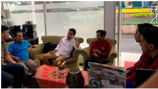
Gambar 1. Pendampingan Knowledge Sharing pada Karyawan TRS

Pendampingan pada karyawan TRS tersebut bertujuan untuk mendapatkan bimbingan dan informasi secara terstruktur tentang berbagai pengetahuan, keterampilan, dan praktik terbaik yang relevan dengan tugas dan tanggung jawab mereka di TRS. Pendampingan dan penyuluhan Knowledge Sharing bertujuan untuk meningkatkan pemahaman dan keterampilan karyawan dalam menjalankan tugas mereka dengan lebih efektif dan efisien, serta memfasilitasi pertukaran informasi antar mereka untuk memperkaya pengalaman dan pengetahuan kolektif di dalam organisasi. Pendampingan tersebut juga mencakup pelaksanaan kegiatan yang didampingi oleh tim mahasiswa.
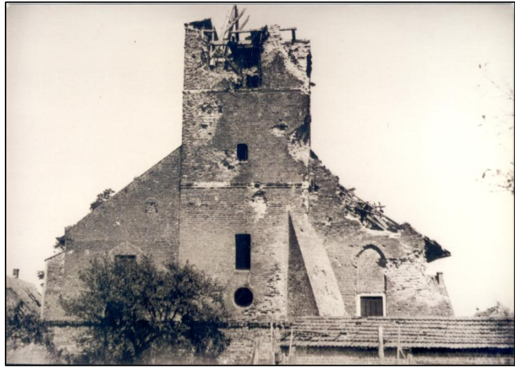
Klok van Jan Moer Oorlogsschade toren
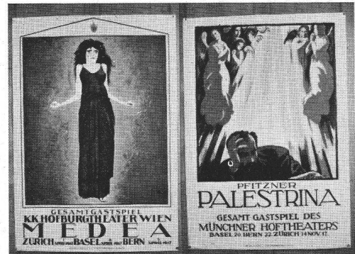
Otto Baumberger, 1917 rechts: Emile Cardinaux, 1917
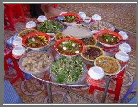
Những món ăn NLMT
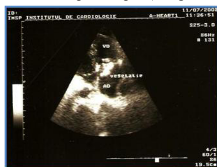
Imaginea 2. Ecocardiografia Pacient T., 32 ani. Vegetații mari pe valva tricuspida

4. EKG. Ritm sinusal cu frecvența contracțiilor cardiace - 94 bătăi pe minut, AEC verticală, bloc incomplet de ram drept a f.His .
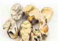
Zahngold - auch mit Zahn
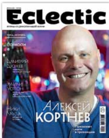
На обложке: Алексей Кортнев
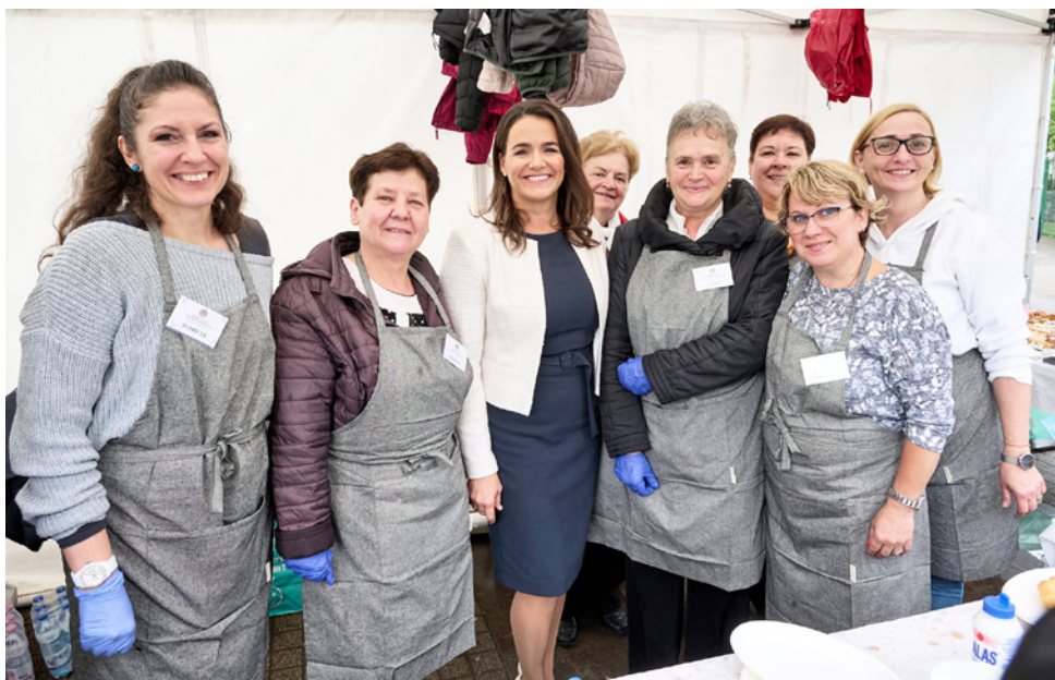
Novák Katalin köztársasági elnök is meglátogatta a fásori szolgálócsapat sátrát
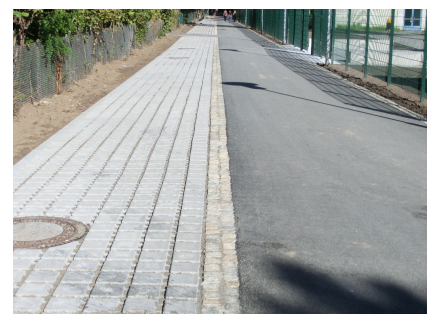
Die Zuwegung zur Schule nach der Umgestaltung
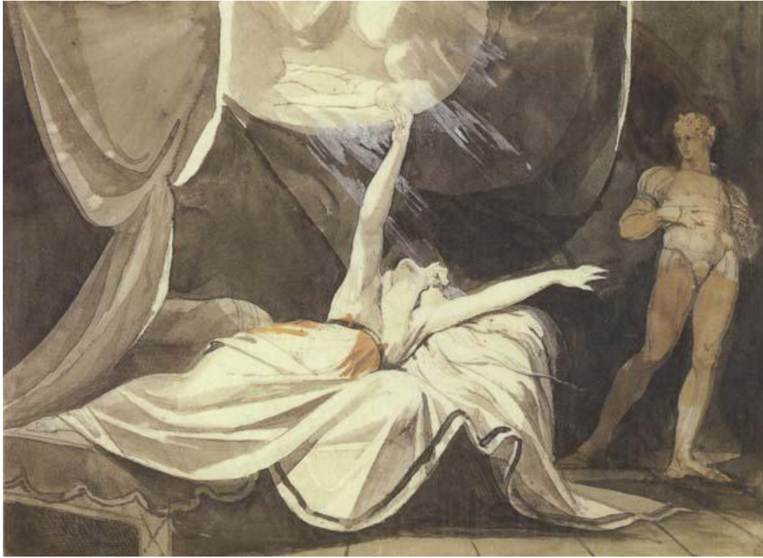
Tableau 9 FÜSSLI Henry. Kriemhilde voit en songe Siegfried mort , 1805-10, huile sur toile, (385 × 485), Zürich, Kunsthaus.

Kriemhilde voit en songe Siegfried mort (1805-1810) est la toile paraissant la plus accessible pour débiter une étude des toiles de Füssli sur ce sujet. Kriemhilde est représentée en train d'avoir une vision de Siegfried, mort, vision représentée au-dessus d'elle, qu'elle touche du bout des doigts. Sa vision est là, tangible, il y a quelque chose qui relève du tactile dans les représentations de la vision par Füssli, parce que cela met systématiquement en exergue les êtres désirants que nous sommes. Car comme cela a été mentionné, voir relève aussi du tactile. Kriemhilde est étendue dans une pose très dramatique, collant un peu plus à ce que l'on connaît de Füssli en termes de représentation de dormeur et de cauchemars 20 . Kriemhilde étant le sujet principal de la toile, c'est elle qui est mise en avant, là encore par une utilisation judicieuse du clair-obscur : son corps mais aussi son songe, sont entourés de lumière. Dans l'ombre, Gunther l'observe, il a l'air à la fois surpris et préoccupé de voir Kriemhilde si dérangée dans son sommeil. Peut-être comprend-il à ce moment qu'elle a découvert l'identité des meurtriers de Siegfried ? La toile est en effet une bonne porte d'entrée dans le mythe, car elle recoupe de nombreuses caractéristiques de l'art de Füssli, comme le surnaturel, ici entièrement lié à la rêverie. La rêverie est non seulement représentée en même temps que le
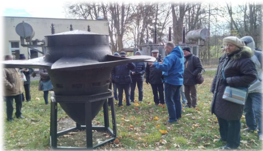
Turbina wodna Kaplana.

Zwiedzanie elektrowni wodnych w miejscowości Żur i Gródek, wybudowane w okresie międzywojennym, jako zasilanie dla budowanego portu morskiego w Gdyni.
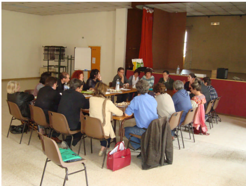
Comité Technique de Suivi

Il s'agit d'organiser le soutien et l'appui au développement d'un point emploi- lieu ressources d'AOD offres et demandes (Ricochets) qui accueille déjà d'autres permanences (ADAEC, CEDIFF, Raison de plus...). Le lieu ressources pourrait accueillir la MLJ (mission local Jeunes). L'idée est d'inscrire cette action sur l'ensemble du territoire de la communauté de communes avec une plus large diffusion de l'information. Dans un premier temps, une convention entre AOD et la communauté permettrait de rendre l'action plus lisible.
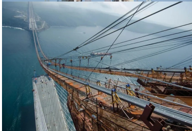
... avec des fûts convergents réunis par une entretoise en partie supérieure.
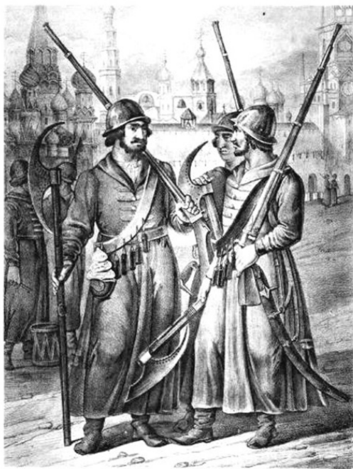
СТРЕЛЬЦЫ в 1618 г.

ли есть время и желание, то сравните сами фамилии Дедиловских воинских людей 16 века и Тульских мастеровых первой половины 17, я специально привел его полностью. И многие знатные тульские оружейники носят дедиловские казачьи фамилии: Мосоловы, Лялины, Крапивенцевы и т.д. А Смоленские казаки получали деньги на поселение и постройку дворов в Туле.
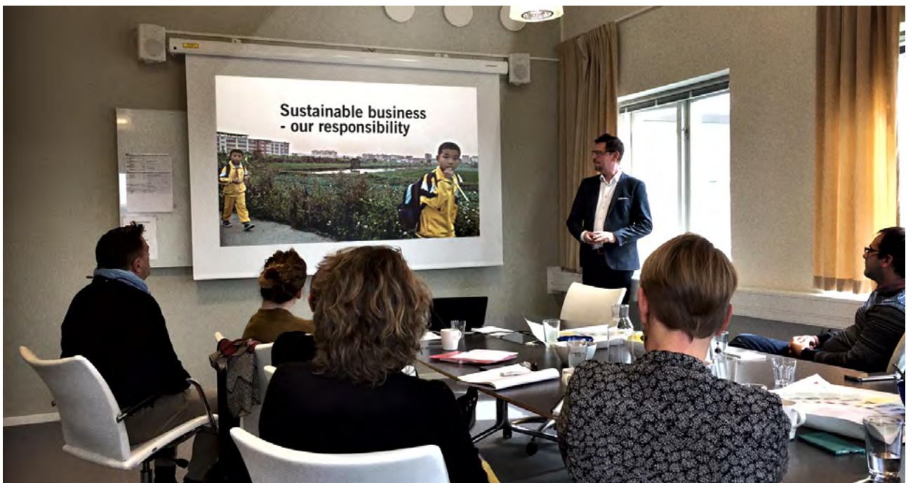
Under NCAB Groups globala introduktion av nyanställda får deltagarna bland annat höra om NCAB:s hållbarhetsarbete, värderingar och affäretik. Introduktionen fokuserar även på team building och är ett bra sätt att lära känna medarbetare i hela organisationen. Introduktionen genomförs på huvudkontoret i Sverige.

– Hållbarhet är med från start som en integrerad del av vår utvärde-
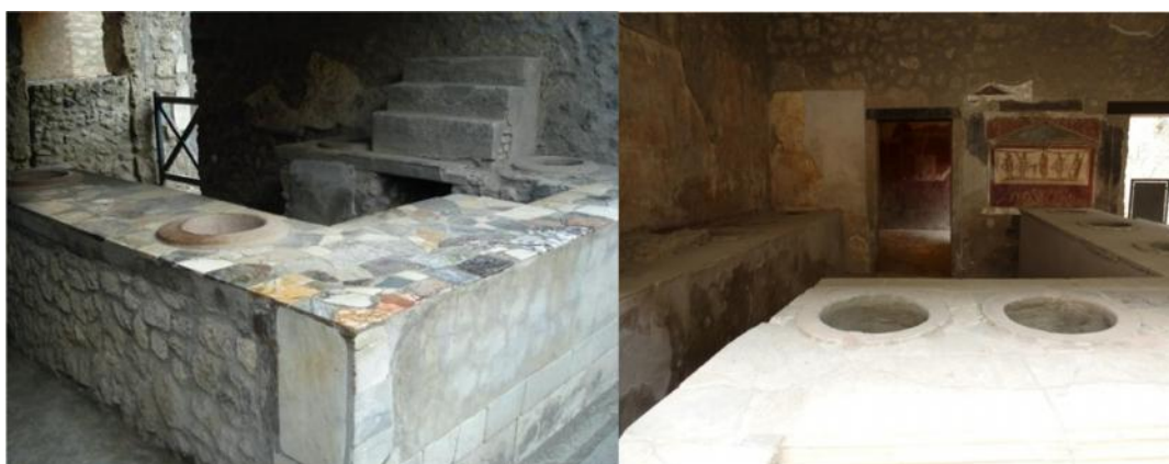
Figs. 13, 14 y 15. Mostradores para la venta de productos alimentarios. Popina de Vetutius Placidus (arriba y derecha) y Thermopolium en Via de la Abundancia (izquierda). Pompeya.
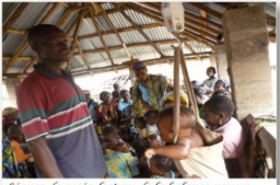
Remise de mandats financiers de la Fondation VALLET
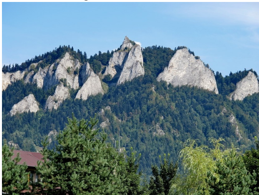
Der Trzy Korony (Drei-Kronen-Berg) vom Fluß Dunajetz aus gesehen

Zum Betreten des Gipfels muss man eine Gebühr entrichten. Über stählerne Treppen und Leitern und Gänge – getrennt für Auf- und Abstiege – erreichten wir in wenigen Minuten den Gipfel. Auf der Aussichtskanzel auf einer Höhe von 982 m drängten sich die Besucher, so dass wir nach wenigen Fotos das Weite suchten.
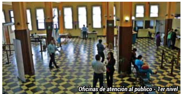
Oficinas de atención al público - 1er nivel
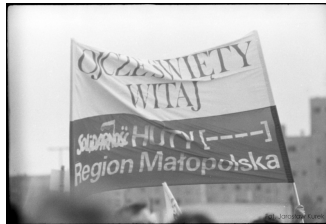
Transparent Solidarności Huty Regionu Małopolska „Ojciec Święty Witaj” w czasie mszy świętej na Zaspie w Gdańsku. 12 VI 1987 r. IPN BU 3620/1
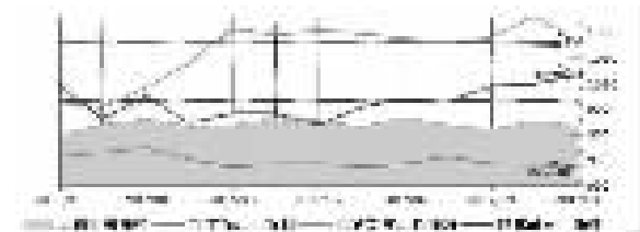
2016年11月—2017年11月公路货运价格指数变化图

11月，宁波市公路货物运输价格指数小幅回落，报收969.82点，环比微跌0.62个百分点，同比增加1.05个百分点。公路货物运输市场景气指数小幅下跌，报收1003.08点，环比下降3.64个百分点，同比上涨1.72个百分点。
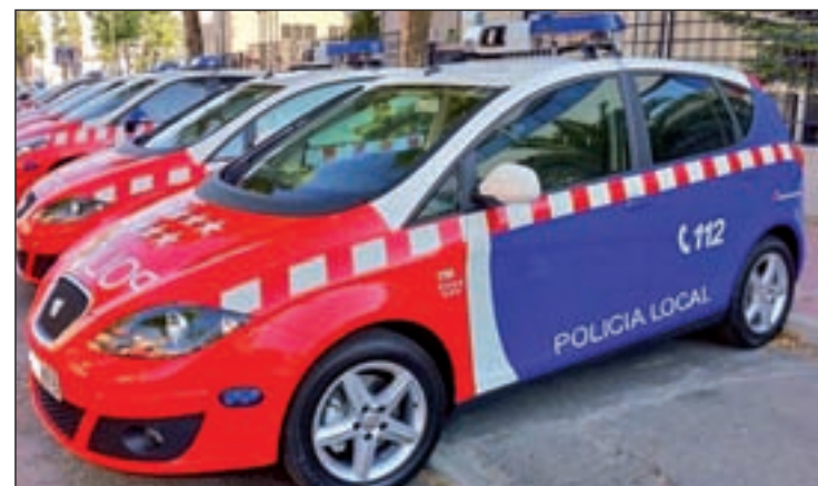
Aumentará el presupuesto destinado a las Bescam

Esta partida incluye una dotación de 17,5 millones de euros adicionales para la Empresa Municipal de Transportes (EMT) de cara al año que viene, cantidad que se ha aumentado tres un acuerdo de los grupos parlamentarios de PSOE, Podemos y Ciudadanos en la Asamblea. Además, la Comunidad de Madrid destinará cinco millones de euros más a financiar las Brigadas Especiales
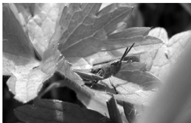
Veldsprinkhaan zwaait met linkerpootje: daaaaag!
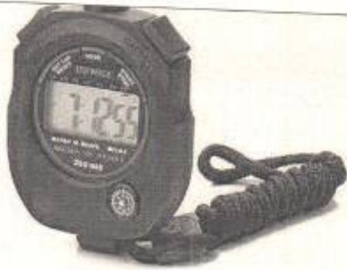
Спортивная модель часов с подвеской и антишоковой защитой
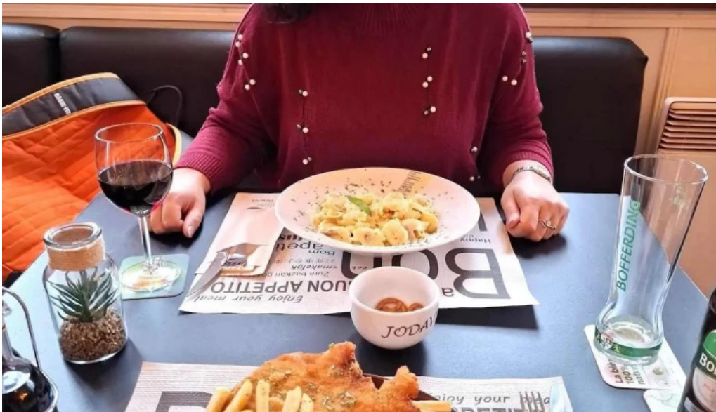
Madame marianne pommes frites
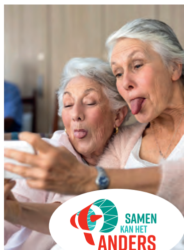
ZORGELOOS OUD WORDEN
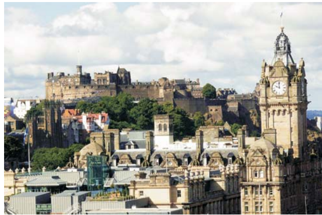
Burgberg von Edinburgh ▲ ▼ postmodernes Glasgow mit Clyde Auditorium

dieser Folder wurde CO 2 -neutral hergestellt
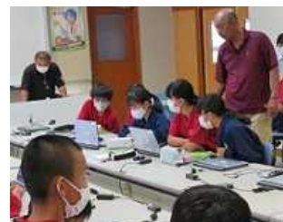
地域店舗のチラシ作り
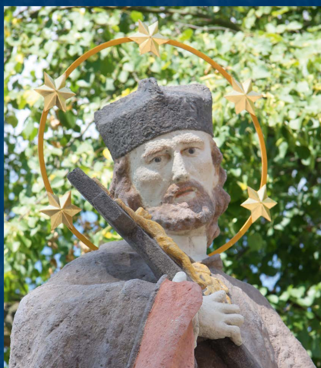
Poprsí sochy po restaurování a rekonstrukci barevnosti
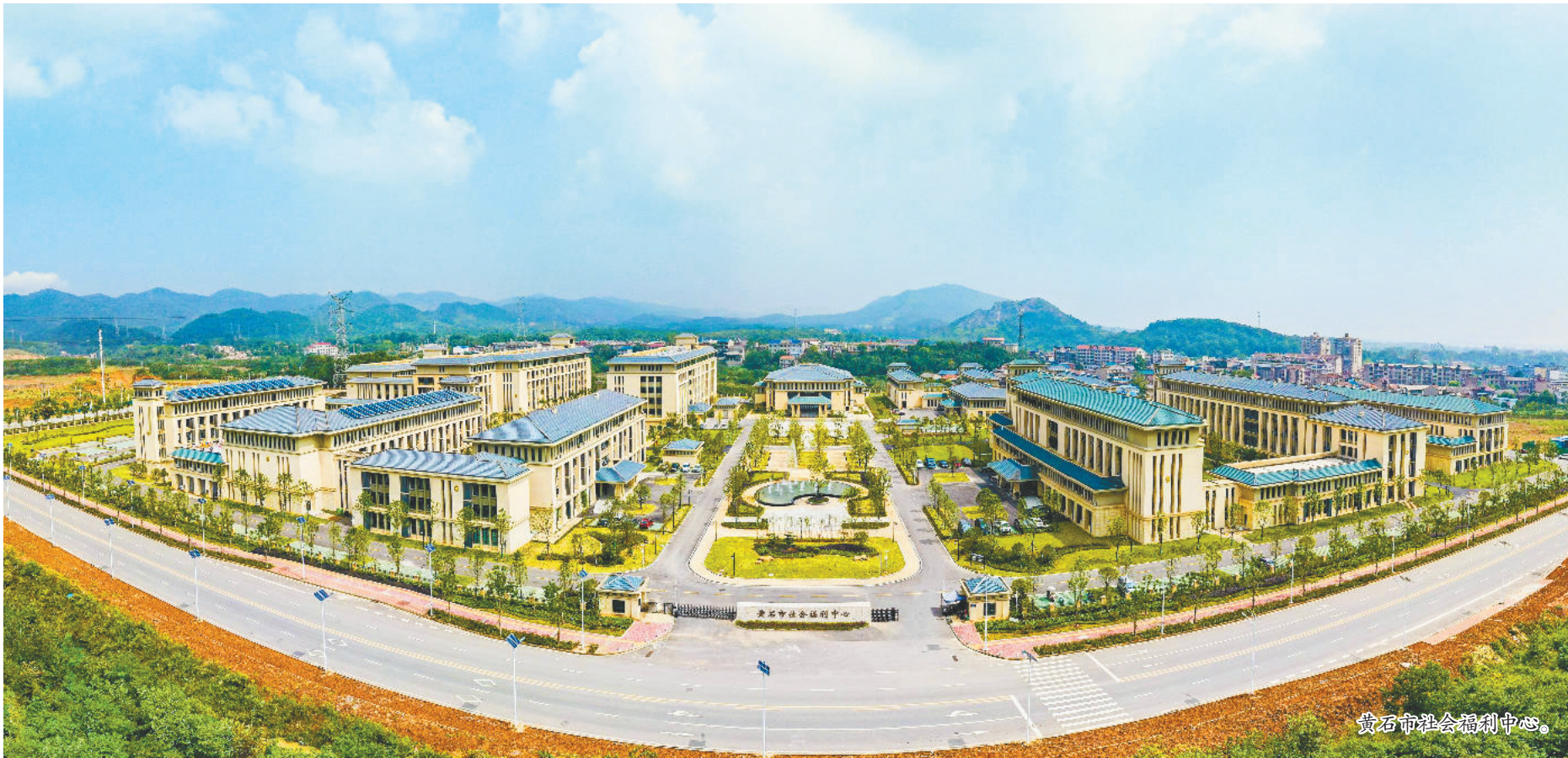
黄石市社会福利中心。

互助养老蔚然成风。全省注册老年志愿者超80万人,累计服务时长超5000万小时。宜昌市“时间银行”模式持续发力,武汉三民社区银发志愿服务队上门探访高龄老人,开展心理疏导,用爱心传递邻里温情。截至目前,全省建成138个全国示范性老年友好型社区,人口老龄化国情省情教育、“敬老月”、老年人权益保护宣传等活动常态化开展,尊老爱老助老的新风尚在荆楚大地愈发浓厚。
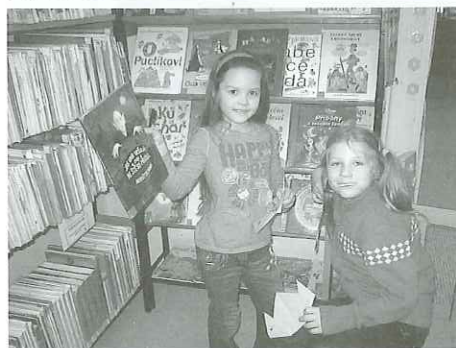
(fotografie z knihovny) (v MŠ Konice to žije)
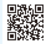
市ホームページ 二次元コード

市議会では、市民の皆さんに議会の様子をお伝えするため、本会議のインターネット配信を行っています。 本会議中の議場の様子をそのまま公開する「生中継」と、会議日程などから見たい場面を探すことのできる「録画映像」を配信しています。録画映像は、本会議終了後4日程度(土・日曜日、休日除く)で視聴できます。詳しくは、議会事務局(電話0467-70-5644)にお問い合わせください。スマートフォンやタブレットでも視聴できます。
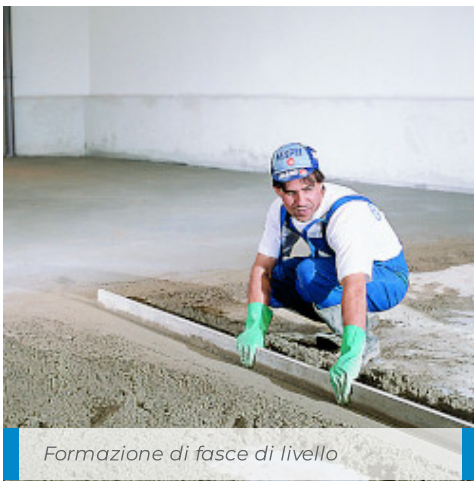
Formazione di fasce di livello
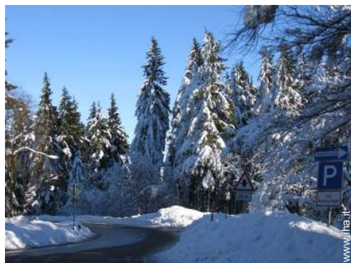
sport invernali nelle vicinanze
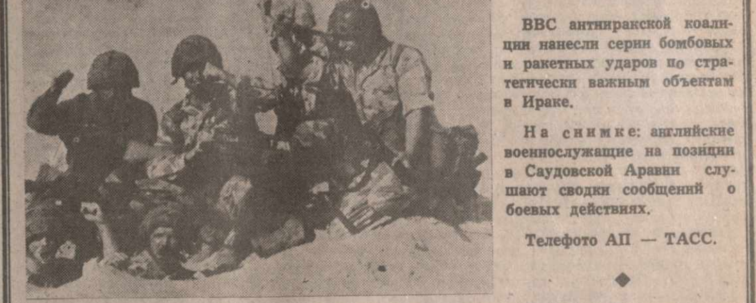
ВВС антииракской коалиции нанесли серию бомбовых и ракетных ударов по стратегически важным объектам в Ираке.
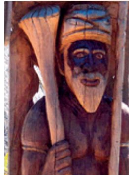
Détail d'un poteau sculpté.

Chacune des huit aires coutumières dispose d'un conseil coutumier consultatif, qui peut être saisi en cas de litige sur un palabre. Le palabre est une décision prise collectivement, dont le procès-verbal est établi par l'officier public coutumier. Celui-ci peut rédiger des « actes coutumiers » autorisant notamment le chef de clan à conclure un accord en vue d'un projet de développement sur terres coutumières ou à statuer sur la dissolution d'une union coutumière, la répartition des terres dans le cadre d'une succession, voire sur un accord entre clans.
○ ○ ○ ○ ○ ○ ○
What is required
Transcribe, word for word, the lines of the listing above from the one that contains "Novák Katalin köztársasági" through the one that contains "Tableau 9 FÜSSLI", keeping both ends and dropping the pictures.

Reply
Novák Katalin köztársasági elnök is meglátogatta a fásori szolgálócsapat sátrát
Die Zuwegung zur Schule nach der Umgestaltung
Tableau 9 FÜSSLI Henry. Kriemhilde voit en songe Siegfried mort , 1805-10, huile sur toile, (385 × 485), Zürich, Kunsthaus.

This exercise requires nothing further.